Nel celebre The Wonderful Wizard of Oz, Baum immagina una città color smeraldo. A distanza di più d’un secolo da quella meravigliosa invenzione letteraria arriva Domenico Romeo. Nato in provincia di Reggio Calabria nel 1988, si trasferisce a Roma per intraprendere studi giuridici mai portati a compimento: sono le arti visive la sua vera passione. Così il giovane artista contemporaneo si sveglia al mattino in ritardo «rispetto alla tabella di marcia» non tanto perché la sera prima è uscito con gli amici, ma soprattutto perché non ha perso la capacità di sognare cose e frammenti di cose, spunti preziosi attraverso cui concepire lo spazio urbano in maniera differente.
«Da qualche mese ho iniziato a raccogliere il materiale che lo “spirito” dei sogni lascia tra le pieghe della memoria» – dice di sé. «Al risveglio riordino i ricordi, appuntando le fasi salienti di storie apparentemente prive di senso. Ricalco i tratti dei volti di persone mai viste, ridisegno la silhouette di animali fantastici. Smonto e rimonto i pezzi sperando in un filo conduttore, in una traccia di razionalità. Divido parole, accatasto lettere che fluttuando perdono pezzi e ne acquistano di nuovi. Si trasformano generando nuove lettere, nuove parole di nuovi linguaggi. Così si fondono insieme immagini e frasi misteriosamente, come altrettanto misteriosamente si accende la scintilla che dà vita al sogno». La sua giornata tipo è più o meno la seguente: la monotonia di un suono assordante che ogni mattina interviene a imporre la corsa, uno o più caffè senza zucchero, tante boccate di aria metropolitana e i suoi incomprensibili alfabeti. E poi l’arte. I caratteri arricciolati e sinuosi con cui Domenico ama farsi riconoscere in giro per le città appaiono dove meno te l’aspetti, magari proprio a pochi passi da casa tua, davanti alle imposte chiuse per il temporale o dietro l’angolo che ti ritrovi a svoltare.

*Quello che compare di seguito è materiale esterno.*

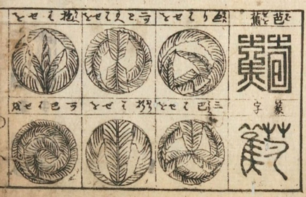 芭蕉葉は特徴的な形をしているため、紋としても使用されたようで、江戸時代に刊行された紋帳にも数種類が掲載されています。たとえば、下段右から二番目の「三巴はせを」は巴紋を芭蕉の葉で形作っています。

Domenico ha una personalità eclettica ed uno stile tutto suo, questo si percepisce immediatamente, questo ci incuriosisce al primo sguardo. Iniziamo la conversazione con un approccio soft, domandandogli come e se è possibile classificare il suo talento. «Ho lavorato anche in strada ma non so se Street Art sia la giusta definizione»- risponde con semplicità. «Il mio lavoro parte della carta, solo successivamente si trasferisce su muri pubblici. Diciamo che la Street Art per me è una fase di sperimentazione come può esserlo la scelta di un determinato stile o materiale. É sempre tutto in continuo mutamento». Certo è che a prescindere dagli schemi, la sua attività richiede capacità comunicative da gigante, le uniche in grado di catturare l’attenzione dei passanti e “rubarli” anche solo per un attimo alla loro operosa distrazione.

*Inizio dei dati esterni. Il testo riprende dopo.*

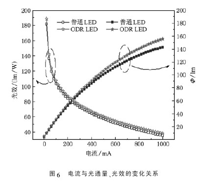 對兩種LED 的光通量和光效隨電流變化進行測量,測量條件與I-V 特性測試相同. 結果如圖6 所示,從圖中明顯看出,兩種LED 的光通量隨著電流升高而逐漸升高,光效均隨著電流的升高而逐漸降低; 而ODR LED 的光通量和光效要始終高於普通LED,這從光通量和光效隨電流變化的角度來證實了ODR LED 的優勢.

Un lavoro difficile, che implica lunga preparazione e nessuna casualità. «Seleziono diversi soggetti, faccio qualche schizzo per focalizzare il lavoro finito e poi procedo alla realizzazione», senza mai prescindere della valutazione del luogo prescelto. «Cerco di studiare la geografia, la storia e gli usi e costumi della popolazione. Voglio che il risultato finale parli di me, come tutto ciò che faccio, ma al tempo stesso deve rispecchiare chi lo guarda quotidianamente». E se vi capiterà di trovarvi di fronte ad una delle sue creazioni godetene senza velleità, perché il livello più profondo di comprensione «spetta solo a me, ed è il motivo per cui lo faccio. Scrivo appunti con la speranza di rileggerli più in là» – confessa Domenico.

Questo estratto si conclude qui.